Their 2013 effort We Are the 21st Century Ambassadors of Peace & Magic saw the band at the peak of its powers, channeling (or directly borrowing from) Dylan, Jagger, Bowie, Reed, and dozens of other rock innovators but somehow avoiding coming off as sheer derivation through inspired songwriting, carefully groomed presentation, and an unnameable charm.
With follow-up ...And Star Power, Foxygen expand outward from their concentrated songwriting style, offering up a stuffed double album that zips from murky FM radio rock to bristling punk and back to cosmic balladry over its 24 tracks and 82-minute playing time.
Divided loosely into four parts, the album begins with a chapter titled "The Hits & Star Power Suite." This is a brazen but honest move on the band's part, because the album does indeed begin with four of its strongest tunes.
"How Can You Really" taps into the same late-night confessional feel of Todd Rundgren's '70s hits, moving along breezily with a choir of perky background singers, horn sections, and the hookiest chorus of the album.
Sludgier but still catchy are soft rock ballad "Coulda Been My Love" and "Cosmic Vibrations," a tune that shifts from a burst of "White Light/White Heat" noise into a morphine-addled reworking of Bob Dylan's "Sad-Eyed Lady of the Lowland." The first quarter of the album has the most shadows of what made the band stand out initially.
Even the sometimes annoying ambling of "Star Power Suite" eventually coagulates into an anthemic high point with "What Are We Good For," its third and most songlike movement.
Shortly afterwards, however, the album gives in to its overstuffed impulses, offering up half-baked songs, formless jamming, tweaky punk interludes, and what amounts to nearly an hour of trying to separate the muddy filler from anything even remotely inspired.

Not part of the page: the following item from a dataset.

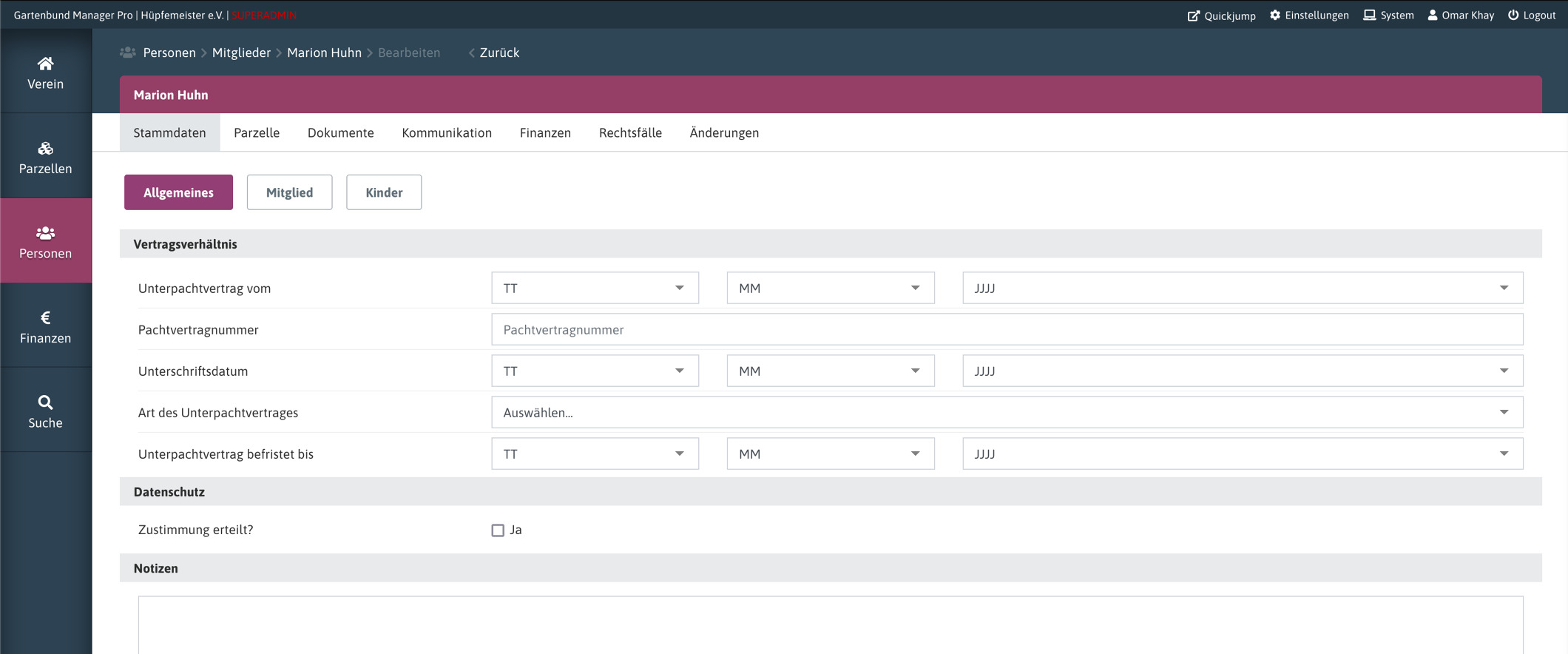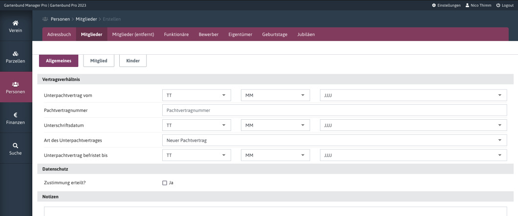Hier können Sie die Grunddaten von dem Mitglied eintragen. Das Feld Unterpachtvertrag vom ist stellvertretend für Mitglied seit. Dieses ist wichtig, da für die Berechnung von, z.B. Jubiläen dieses Datum als Berechnung genommen wird.

With its few gems often separated by long stretches of queasy, confusing tracks, almost half of the album could have easily been left on the cutting-room floor.
That might be the point.
The unedited flailing, strung-out production, and half-asleep vibe that permeates much of ...And Star Power is no doubt intentional, and works sometimes.
Foxygen's meticulous attention to detail is one of the best aspects of their sound, and even when they're burying decent ideas beneath demo-quality performances on songs like "Cannibal Holocaust" and "Everyone Needs Love," it's clear they're making exactly the album they set out to.
Looking to impenetrable, over-ambitious albums like A Wizard, a True Star as blueprints gives a little context to what may have inspired the often exhausting nature of ...And Star Power.
Unfortunately, the final product often feels joyless and manic, and many listeners may give up before sitting through the entire beast.